## TASK REQUIREMENTS
Copy out exactly, from the entries that follow, the line holding "Bingung! TKD Lampung", the line holding "A més, el nuvi", and all lines between them, but no pictures.

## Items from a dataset
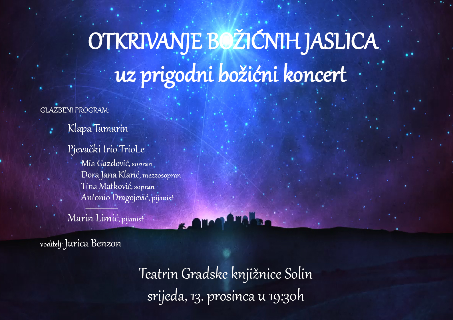 Otkrivanje jaslica dogodit će se u Teatrinu GK Solin u srijedu, 13. prosinca s početkom u 19:30 sati, a samoj svečanosti otkrivanja prethodit će prigodni božićni koncert.
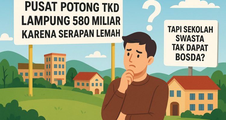 Bingung! TKD Lampung Dipangkas 580 Miliar, Sekolah Swasta Justru Gagal Dapat BOSDA Daerah|October 9, 2025by Melda MENTARI NEWS— Pemerintah pusat melakukan pemangkasan dana Transfer ke Daerah (TKD) Provinsi
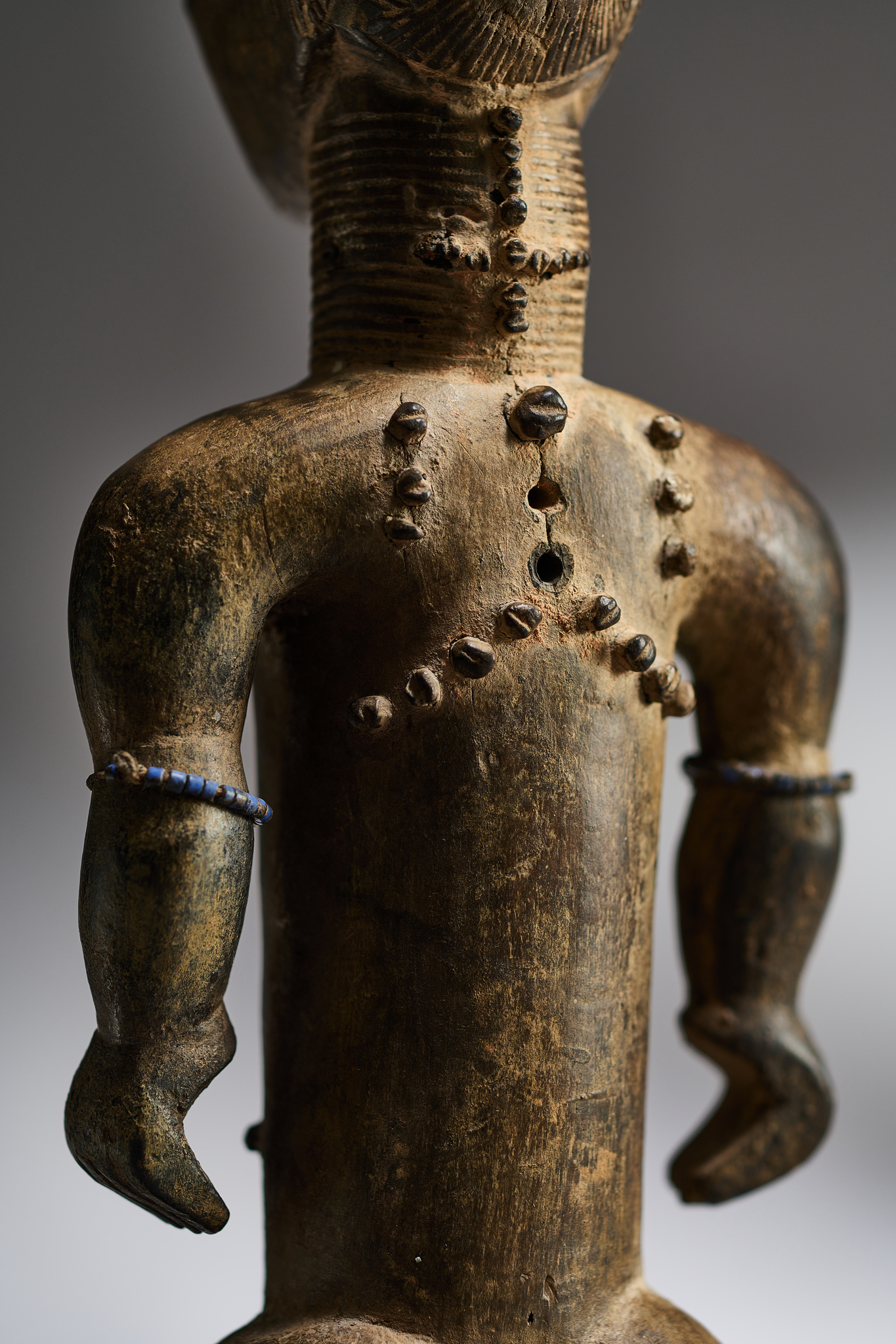 Sehr schöne Figur mit markanter zweischöpfiger Frisur und fein gearbeiteten Details. Hals und Frisur sind mit feinen Rillen beschnitzt. Ein interessantes Detail sind die kleinen noppenförmigen Skarifikationen, die separat gearbeitet, und in eigens dafür gebohrte Löcher eingesteckt sind.
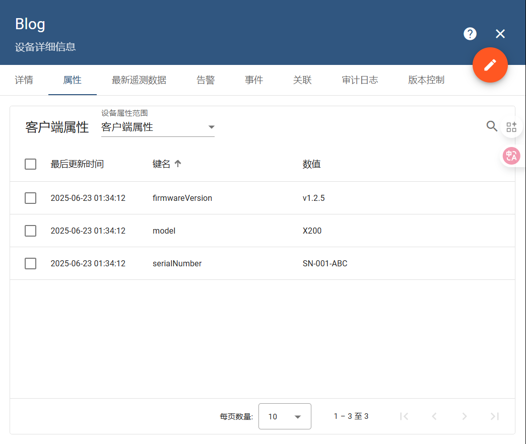 其中, firmwareVersion 和 serialNumber 是设备在 ThingsBoard 中配置的客户端属性;
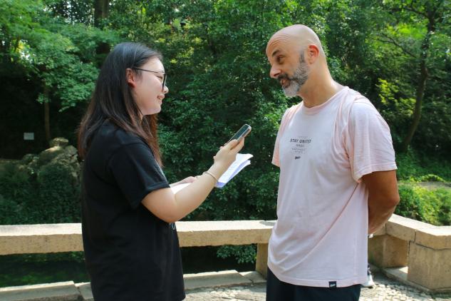 圖為實(shí)踐團(tuán)隊(duì)成員韓韻采訪來自美國(guó)的游客。陳思源供圖。
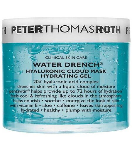 Pflege trockene, dehydrierte Haut mit einer flüssigen Feuchtigkeitswolke. Die Water Drench® Hyaluronic Cloud Mask von Peter Thomas Roth kombiniert feuchtigkeitsspendende und feuchtigkeitsbindende Wirkstoffe wie einen 20%igen Hyaluronsäure-Komplex und Pentavitin®, um deinen Teint bis zu 72 Stunden lang mit Feuchtigkeit zu versorgen, selbst nach dem Abspülen.Das feuchtigkeitsspendende Gel enthält eine Infusion aus Vitamin E, Aloe-Blattsaft und Koffein, um müde aussehende Haut zu beleben und sie wunderbar geschmeidig und aufgepolstert zu machen. ...
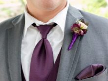A més, el nuvi pot triar una armilla de qualsevol de les tonalitats morades, que harmonitzarà perfectament amb un vestit blanc o beix. El més important és recordar que les imatges dels recent casats s’han d’harmonitzar i complementar-se.
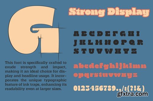 The "Strong Display Font" is a derivative of the Clinto slab serif font, originally designed by. Faldy Kudo. This font is specifically crafted to exude strength and impact, making it an ideal choice for display and headline usage. It incorporates the unique typographic feature of ink traps, enhancing its readability even at larger sizes. The font family comprises 6 distinct styles: "Normal, Normal Rounded, Medium, Medium Rounded, Condensed, and Condensed Rounded.” offering versatility in design choices. Additionally, the font provides multi-language support, ensuring that it can be effectively used for a wide range of global content and projects.
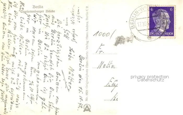 Berlin Charlottenburger Bruecke Berlin postalisch gelaufen 1942 Erhaltung siehe scans [WerneD78] WernPID7
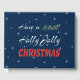 Avoir un texte de Noël Holly Jolly avec étoiles, baies, bougie et hiver décoration à feuillage persistant sur bleu foncé arrière - plan

## RESULT
 Bingung! TKD Lampung Dipangkas 580 Miliar, Sekolah Swasta Justru Gagal Dapat BOSDA Daerah|October 9, 2025by Melda MENTARI NEWS— Pemerintah pusat melakukan pemangkasan dana Transfer ke Daerah (TKD) Provinsi
 Sehr schöne Figur mit markanter zweischöpfiger Frisur und fein gearbeiteten Details. Hals und Frisur sind mit feinen Rillen beschnitzt. Ein interessantes Detail sind die kleinen noppenförmigen Skarifikationen, die separat gearbeitet, und in eigens dafür gebohrte Löcher eingesteckt sind.
 其中, firmwareVersion 和 serialNumber 是设备在 ThingsBoard 中配置的客户端属性;
 圖為實(shí)踐團(tuán)隊(duì)成員韓韻采訪來自美國(guó)的游客。陳思源供圖。
 Pflege trockene, dehydrierte Haut mit einer flüssigen Feuchtigkeitswolke. Die Water Drench® Hyaluronic Cloud Mask von Peter Thomas Roth kombiniert feuchtigkeitsspendende und feuchtigkeitsbindende Wirkstoffe wie einen 20%igen Hyaluronsäure-Komplex und Pentavitin®, um deinen Teint bis zu 72 Stunden lang mit Feuchtigkeit zu versorgen, selbst nach dem Abspülen.Das feuchtigkeitsspendende Gel enthält eine Infusion aus Vitamin E, Aloe-Blattsaft und Koffein, um müde aussehende Haut zu beleben und sie wunderbar geschmeidig und aufgepolstert zu machen. ...
A més, el nuvi pot triar una armilla de qualsevol de les tonalitats morades, que harmonitzarà perfectament amb un vestit blanc o beix. El més important és recordar que les imatges dels recent casats s’han d’harmonitzar i complementar-se.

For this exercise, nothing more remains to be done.